Similar to .NET application creating and disposing an object on each loop (slow practice), if we commit one transaction at a time in a batch insert the cost will be greater than committing the batch as a whole. Anytime I see a batch transaction, I immediately look for any explicit declaration of BEGIN/COMMIT/ROLLBACK, because it may be the culprit if it’s not explicitly declared. Similar to the above point on network, if I want to commit one record at a time because I don’t want a full batch to fail, I’ll wrap my logic inside of .NET since that will be much faster at object at a time rather than allowing T-SQL to handle it.

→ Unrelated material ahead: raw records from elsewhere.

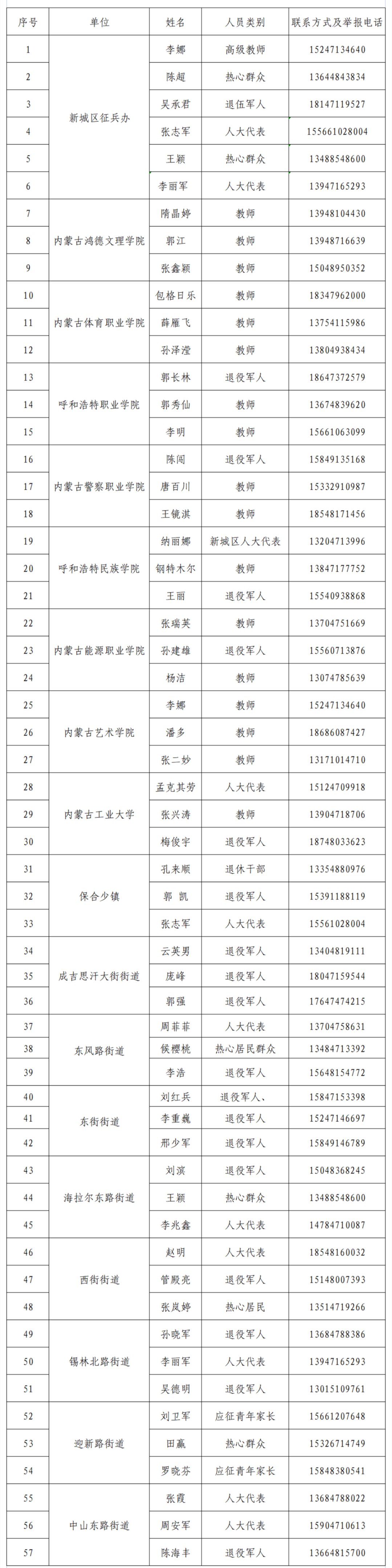 以上廉洁征兵监督员作为兼职监督人员,履行群众监督职能,配合有关职能部门重点监督征集部门和征兵工作人员廉洁征兵履职情况及时发现、指出并参与纠治发生在群众身边的基层征兵“微腐败”“暗腐败”问题。广大群众如发现任何征兵违法违纪线索或廉洁征兵问题,可直接向上述廉洁征兵监督员进行举报反映。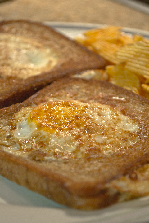 Η διαφορά με "τ' αυγά στο καλάθι" είναι πως ο κρόκος μένει μελάτος και μπορείς να βουτήξεις το στρογγυλό ψωμάκι που αφαιρείς.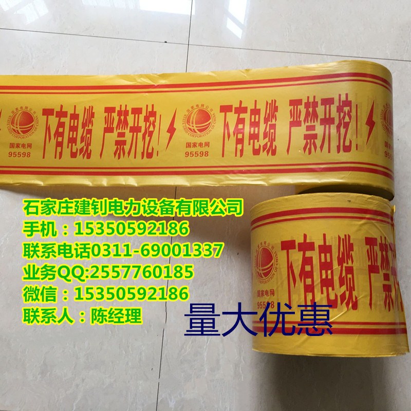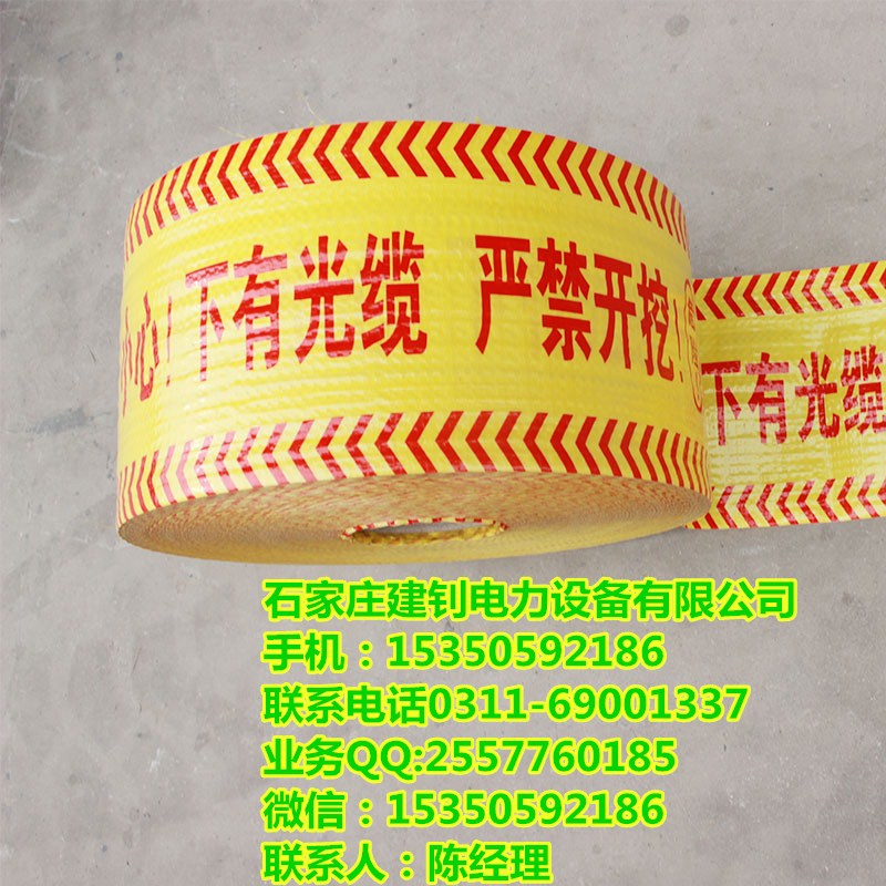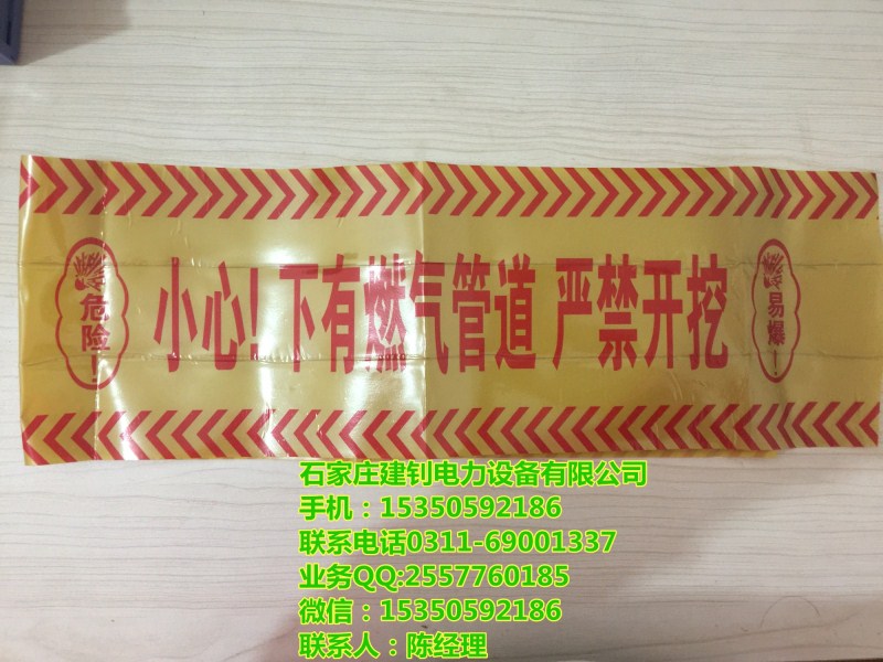 河北建钊电力设备有限公司拥有高科技生产技术及大型生产流水线设备,可以加工5CM—160CM各种规格标示带,标志带,可探测标示带,示踪带,品种齐全,加工销售:燃气管道标示带,给排水管道标示带,光缆标示带,电缆标示带,输油输气管道标示带等地下管线、管网警示标志带。以PE聚乙烯、聚丙烯、防腐膜为主要材料,质量保证,价格优惠,还可根据客户需求印刷警示标语。

In an ideal environment, my drives for different reasons are separate due to the read and write volume on the disks.
Do I delineate my disks for data, log and tempdb? Be very careful about keeping log files on the same disks as “everything else” as a disk must be able to keep pace with writes and reads. Another recommendation I’ll make related to this point – scale out your disks for log use ahead of time and be very careful about relying on automated log growth; I heavily scrutinize any person or environment with automatic log growth.
In this configuration example, the log is pre-grown to 51200MB and restricted to that growth.
I’ve seen a few other situations, one of which was no disk space (how does memory flush to disk when there’s no disk space remaining), though these generally are rarer than the above cases. Like with all waits troubleshooting, each environment may experience differing reasons for the same waits.
These tips provide some useful techniques for ASYNC_NETWORK_IO and WRITELOG wait types, and are by no means every troubleshooting possibility available, though they have been useful in reducing these waits. The more you understand your architecture, the more you’ll identify the weak points and you can either strengthen these – as systems are only as strong as their weak points – or you can design around them, if strengthening is not an option.